Our sustainability approach rests on three key areas. 

1) Making energy efficiency and decarbonization improvements in our nearly 1,000 global warehouses.

  • CEVA will use 100% low-carbon electricity to power its global warehouses by 2025.
  • All CEVA warehouses will be equipped with LED lighting by the end of 2024. 
  • By the end of 2025, the company expects to have approximately 1.8 million square meters of solar panels installed at its facilities.

2) Investing in electric and low emission vehicles for our CEVA fleet of trucks and vans.

  • CEVA will reach 1,450 EVs in our Ground logistics operations by 2025.
  • That size of EV fleet is estimated to reduce annual carbon emissions by estimated 67,000 tons of CO2.

3) Engineer more sustainable solutions for the transport we purchase from carriers for our customers.

  • As transport solutions purchased from its partners account for some 95% of its emissions, CEVA uses its global reach and long-standing relationships with carriers to encourage and support alternative fuels in road, ocean and air freight.
  • We work with customers to explore more decarbonization levers and find ‘Better Ways’ to transport their products, while maintaining a high level in our quality of service. 
    • Flows and loading optimization 
    • Routes optimization 
    • Modal shift and multimodal 
    • Carriers selection including CO2 performance 
    • Low-carbon fuels 

 

The Business Case for CSR

In recent years, increased consumer awareness of issues such as climate change, income inequality, unfair labor practices, and gender inequity has been a factor in businesses’ embracing CSR practices. Today, 64% of CEOs say that CSR is a core part of their business. 

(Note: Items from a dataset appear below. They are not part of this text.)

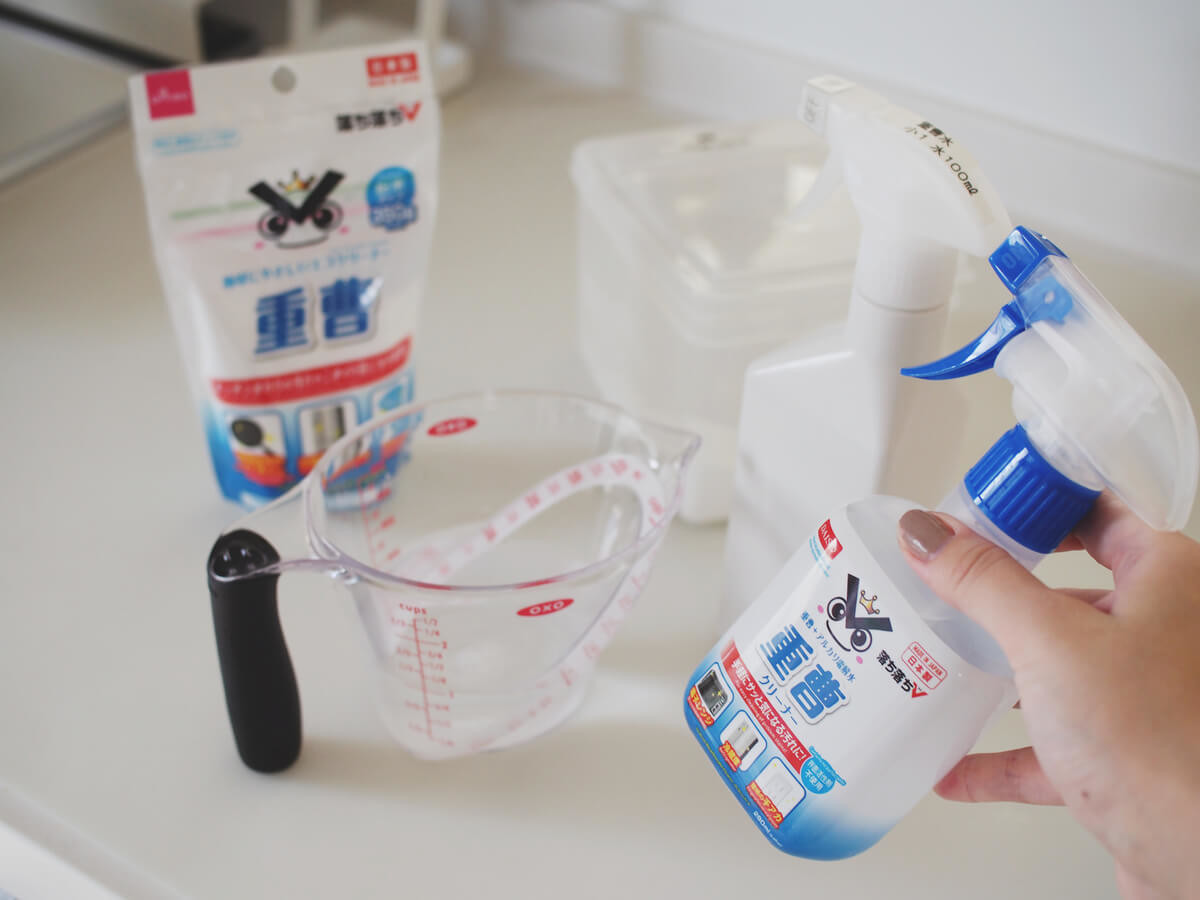 (クエン酸小さじ1を水1カップで溶かしたもの。100円ショップのクエン酸スプレーを使っても◎)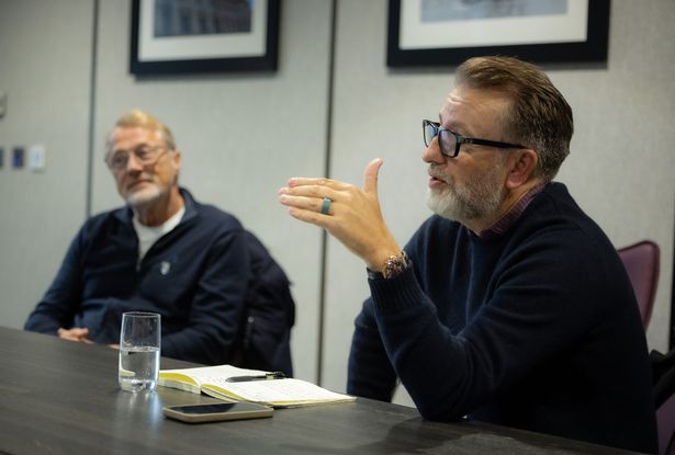 Potential Cardiff investors Gareth West (centre) and Niels Juul (left) discuss their plans(Image: Gareth Everett/Huw Evans Agency)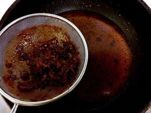 水开后过滤掉葱、姜、豆瓣等料头,汤汁加入泡发香菇水,放香菇丁大火烧开,中火熬制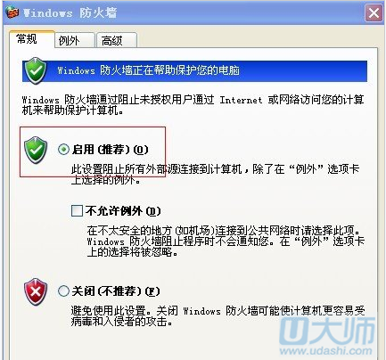 2.在本地连接上,点击“右键“后选择”属性“,切换到”高级“选项卡,进入”设置“,之后就会提示是否开启防火墙,选择”是“,如图: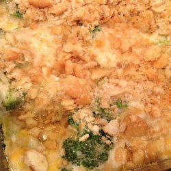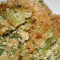 2Beat the eggs in a mixing bowl; whisk in the mayonnaise, cream of mushroom soup, broccoli, Cheddar cheese, onion, and butter. Spoon into a 2 quart casserole dish; sprinkle with the crushed crackers.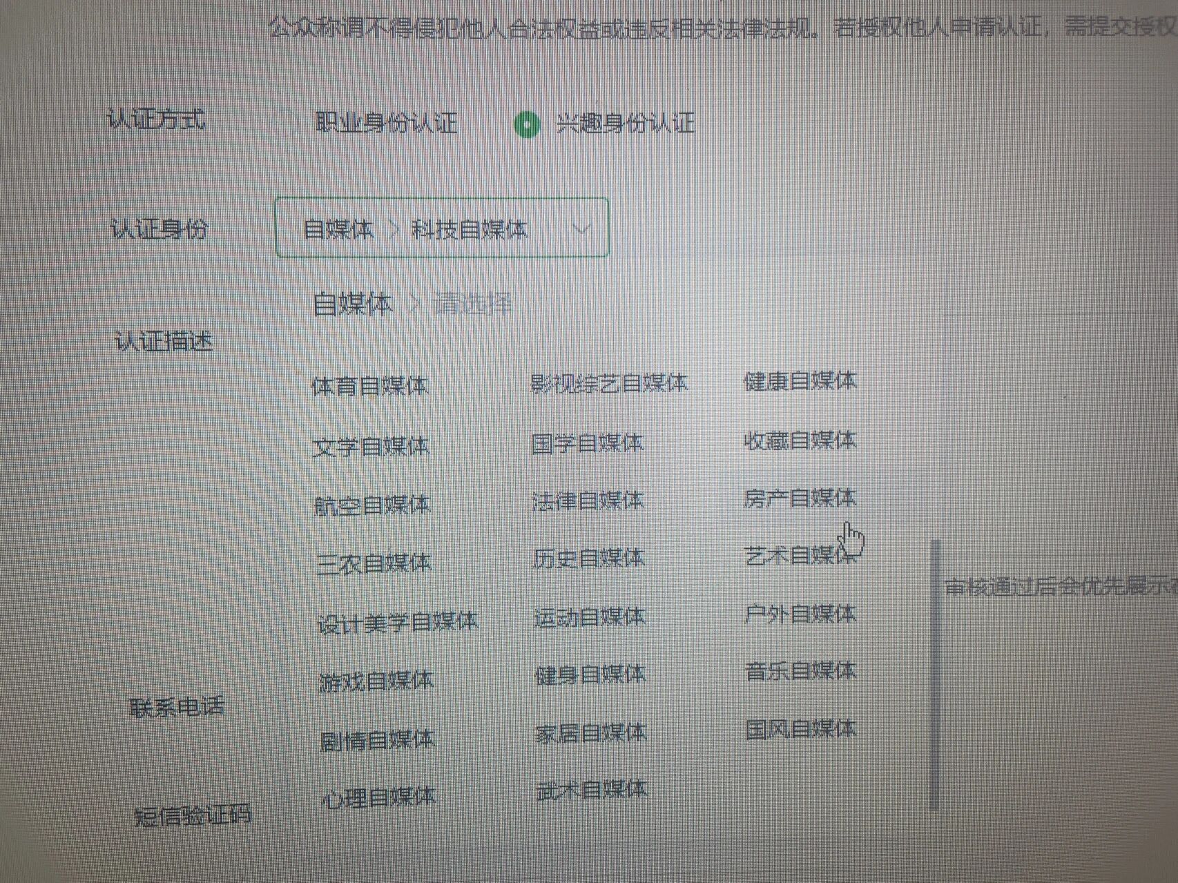 提问,个人公众号认证,想认证互联网自媒体,但没有这个选项,需要怎么处理呢? 还是需要达到什么样的具体条件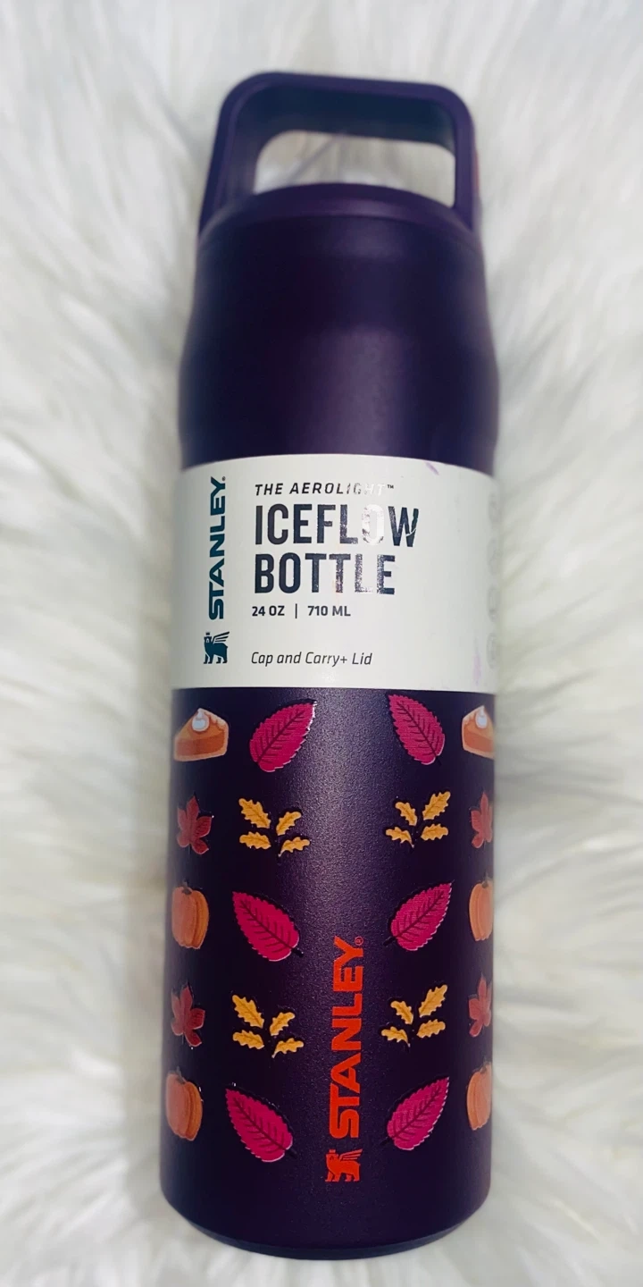 60Selling a new fall-themed Stanley Aerolight IceFlow bottle! It's 24oz (710 mL) and features a cap and carry lid. The bottle has a cute design with pumpkins, leaves, and pie slices! Perfect to keep your pumpkin latte cold and ready to go!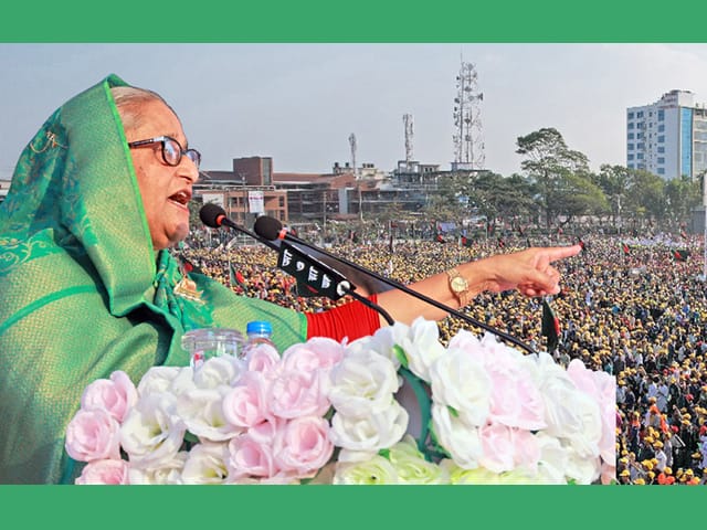 শেখ হাসিনা বলেন, গত ১৫ বছর গণতান্ত্রিক ধারা অব্যাহত আছে বলেই আজকে বাংলাদেশে উন্নয়ন হয়েছে। জিয়া, এরশাদ, খালেদা জিয়া তাদের সময় বাংলাদেশের উন্নতি হয়নি; বাংলাদেশ পেছনে চলে গেছে। আওয়ামী লীগ আসলে বাংলাদেশ সামনের দিকে এগিয়ে যায়। এ অপ্রতিরোধ্য অগ্রযাত্রা অব্যাহত রাখতে হবে।

In addition, 88% of business school students think that learning about social and environmental issues in business is a priority . Harvard Business School’s sustainable business practices courses points out some of the bottom-line benefits deriving from CSR policies:

  • Increased innovation -- reviewing practices can uncover opportunities while also increasing efficiencies.
  • Reduced risk -- using renewable energy sources means greater energy security.
  • Reduced production costs – examining the corporate supply chain can identify money-saving more sustainable alternatives.
  • Retaining and attracting new employees and customers -- Companies with high levels of CSR report 13% more engaged employees than companies with low levels of CSR; 92% of consumers say they are more likely to trust a company that supports social or environmental issues[2].

Social responsibility is now more than a duty; it is a means of securing a competitive advantage, provide flexibility, reduce employee turnover, and increase sales and profit. Climate change is a long-term challenge, and progress depends upon a company’s ability to innovate and collaborate, with accountability and on-going measurement. 


FOOTNOTES:
[1] Global non-profit organization for climate action in the freight sector, of which CEVA Logistics is a member.